Hacker Seized SEC Phone Number to Post Fake Bitcoin ETF Approval, X Says


Hacker Seized SEC Phone Number to Post Fake Bitcoin ETF Approval, X Says

The Securities and Exchange Commission (SEC) did not employ basic security measures on its X (formerly Twitter) account when it was “compromised” to spread false bitcoin ETF news, according to the social media company.

Late Tuesday, X’s Safety team said it had completed its “preliminary investigation” into the SEC’s market-moving, false post on approval of bitcoin ETF applications, which the regulator blamed on its “compromised” account.
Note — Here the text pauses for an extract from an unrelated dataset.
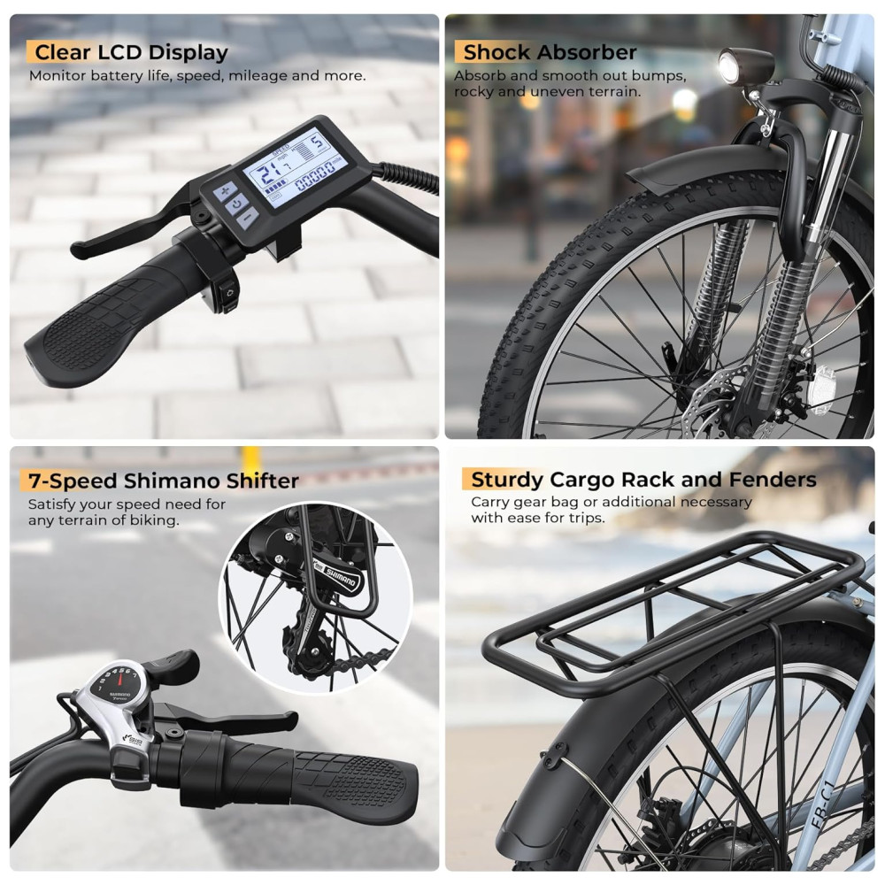 QUADRO DESLIZANTE E GUIDÃO AJUSTÁVEL: As bicicletas elétricas de 26 polegadas são construídas com um quadro de geometria deslizante e assento ajustável que proporcionam conveniência e conforto para todos ao subir e descer da e-bike. O guidão aprimorado pode ser ajustado 30° para cima e para baixo para se adequar às suas posições de pedalada. O bagageiro traseiro robusto permite que você carregue uma bolsa de equipamentos e itens essenciais adicionais durante atividades ao ar livre. Os para-lamas dianteiro e traseiro protegem você dos impactos da água e da lama.
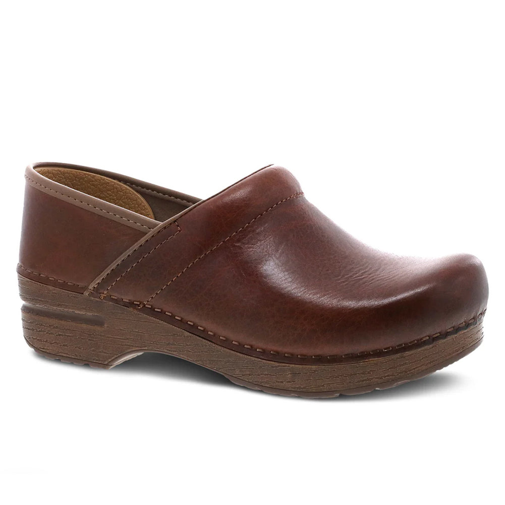 The Professional clog is Dansko's flagship style, and this leather choice draws from the equestrian roots of the founders. It features a roomy reinforced toe box for protection and comfort. The contoured footbed adds support to the comfort features like a padded instep collar to feel good with virtually any foot. We set ourselves apart with a protective heel counter that allows the heel to move up and down freely while providing lateral stability, and the anti-fatigue rocker bottom, which is built to keep you moving forward.

“The compromise was not due to any breach of X’s systems, but rather due to an unidentified individual obtaining control over a phone number associated with the @SECGov account through a third party,” X’s Safety account posted.

The explanation seemingly rules out an “inside job” or “fat finger” theory of the midday post, which pumped the price of bitcoin and then crashed it before SEC Chair Gary Gensler announced the post was phony.

But it raises new questions about basic security measures being taken by the SEC, the most powerful investment regulator in the U.S. and one whose statements are closely watched, and traded on. Gensler himself has previously encouraged investors to take their security seriously.

“We can also confirm that the account did not have two-factor authentication enabled at the time the account was compromised. We encourage all users to enable this extra layer of security,” X posted.

An SEC spokesperson did not immediately return a request for comment on the statement.